“Ontem e Hoje”: República, a esperança que virou desilusão
O historiador Constantino Piçarra, que a partir da próxima semana passa a assinar semanalmente no “O Atual” a rubrica “Ontem e hoje”, antecipa a sua estreia, neste dia 5 de Outubro, com o relato de como as gentes do distrito de Beja acolheram a República.
A partir da próxima semana, inserido no conjunto de alterações que iremos implementar no “O Atual”, quer a nível gráfico do nosso site, quer com a introdução de novos conteúdos e colaboradores, o historiador Constantino Piçarra, assinará semanalmente uma rubrica com o título “Ontem e Hoje” evocando uma data, um acontecimento ou uma personalidade com preponderância na região.
Hoje, 5 de outubro, dia em que se celebra a implantação da República em 1910, acontecimento com profundo significado histórico para o nosso país, e que contou desde as primeiras horas desse dia com uma forte adesão das gentes do distrito de Beja, O Atual, antecipa a estreia da rubrica “Ontem e Hoje”, precisamente com o relato desses acontecimentos compilados pelo historiador Constantino Piçarra.
REPÚBLICA, A ESPERANÇA QUE VIROU DESILUSÃO
Há precisamente 112 anos, sabedores das movimentações que estão a ocorrer em Lisboa, por todo o dia 5 de outubro de 1910 chegam à cidade de Beja, os principais líderes do Partido Republicano. Uma comunicação telegráfica particular notícia a boa nova: A República é vitoriosa. A casa de Bragança tinha caído, por fim. A novidade espalha-se e o povo da cidade aflui em massa à praça D. Manuel I. Já noite, Augusto Barreto, médico municipal em Cuba, e Francisco Pereira Coelho, advogado, falam à multidão nesta praça, que dentro de pouco tempo se chamará praça da República, e exibem o telegrama em que o ministro do Interior do Governo Provisório republicano, António José de Almeida, nomeia António Aresta Branco governador civil do distrito de Beja.
Em alegria esfusiante, o povo, dando vivas à República e cantando a "Portuguesa" e a "Marselhesa", percorre em manifestação as ruas da capital do Baixo Alentejo. O destino é a estação de caminho-ferro, praticamente fora da cidade, onde aguardam a chegada do governador civil republicano, que é recebido de forma entusiástica. Com Aresta Branco na cabeça da manifestação esta sobe o caminho que a conduz às portas de Mértola, onde o representante do Governo republicano fala aos manifestantes da janela da casa de Francisco Pereira Coelho, membro da Comissão Distrital do Partido Republicano.
No dia seguinte, 6 de outubro, a República é solene e oficialmente proclamada na Câmara Municipal, com a adesão logo ali ao novo regime do Regimento de Infantaria 17, sediado na cidade, e da vereação municipal monárquica. Poucas horas depois, no edifício da Casa Pia, é a tomada posse do novo governador civil.
Nos dias que se seguem Aresta Branco nomeia administradores para o 14 concelhos do distrito e substitui a vereação da Câmara de Beja por outra presidida por Manuel Laranja Gomes Palma, cargo que exerce até janeiro de 1914. A tomada de posse da vereação republicana ocorre a 10 de outubro e, nesse mesmo dia, muda parte da toponímia da cidade. Uns dias mais tarde, por proposta do vereador Pedro Sequeira Feio, dia 1 de maio, dia do trabalhador, passa a ser feriado municipal.

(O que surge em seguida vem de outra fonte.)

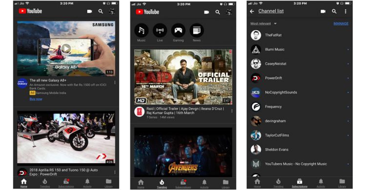 Google ปล่อยอัพเดทแอพพลิเคชั่น YouTube สำหรับอุปกรณ์ iOS ออกมาในวันนี้ โดยนำฟีเจอร์ Dark Theme มาให้ใช้งาน หลังจากมีการทดสอบในเดือนมกราคมที่ผ่านมา โดยเป็นฟีเจอร์ที่มีอยู่แล้วบนเวอร์ชั่น Desktop สำหรับ PC ซึ่งการเปลี่ยนมาใช้ Dark Theme จะทำให้การแสดงผลของ User Interface เปลี่ยนเป็นสีเทาเข้ม ช่วยให้สบายตามากขึ้นเมื่อใช้งานในที่แสงน้อยหรือเวลากลางคืน

Triunfante graças ao apoio do operariado dos centros urbanos, a República cria enormes expectativas junto do povo. No entanto, o novo regime altera muito do acessório e pouco do essencial. Substitui o real pelo escudo, o feriado do dia de Natal pelo feriado do dia da família, o bolo rei pelo bolo nacional. Muda a bandeira, o hino e os nomes das ruas, mas é incapaz de fazer as reformas necessárias na indústria, na banca e nos campos com a realização de uma reforma agrária.

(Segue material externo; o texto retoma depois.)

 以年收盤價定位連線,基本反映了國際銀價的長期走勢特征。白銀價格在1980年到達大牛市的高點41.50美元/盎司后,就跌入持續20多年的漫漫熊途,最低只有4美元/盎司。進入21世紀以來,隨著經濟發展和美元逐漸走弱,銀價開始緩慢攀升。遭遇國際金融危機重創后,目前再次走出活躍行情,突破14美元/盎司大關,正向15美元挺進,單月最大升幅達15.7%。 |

É certo que o Governo Provisório aboliu os direitos da nobreza, repôs a ordem liberal, anulada pela ditadura de João Franco, avançou com a reforma do ensino e reorganizou a universidade, estabeleceu o casamento civil e instituiu o divórcio, mas não respondeu às reivindicações do movimento operário que a tinham ajudado a triunfar. Assim um surto de lutas sociais surge logo em 1910 não parando de crescer até 1913.
Perdida a base social do movimento operário e popular a República vai paulatinamente entregando-se nos braços das forças conservadoras que a liquidam, primeiro a 28 de maio de 1926, com a instauração da ditadura, e depois com o advento do salazarismo, o fascismo à portuguesa.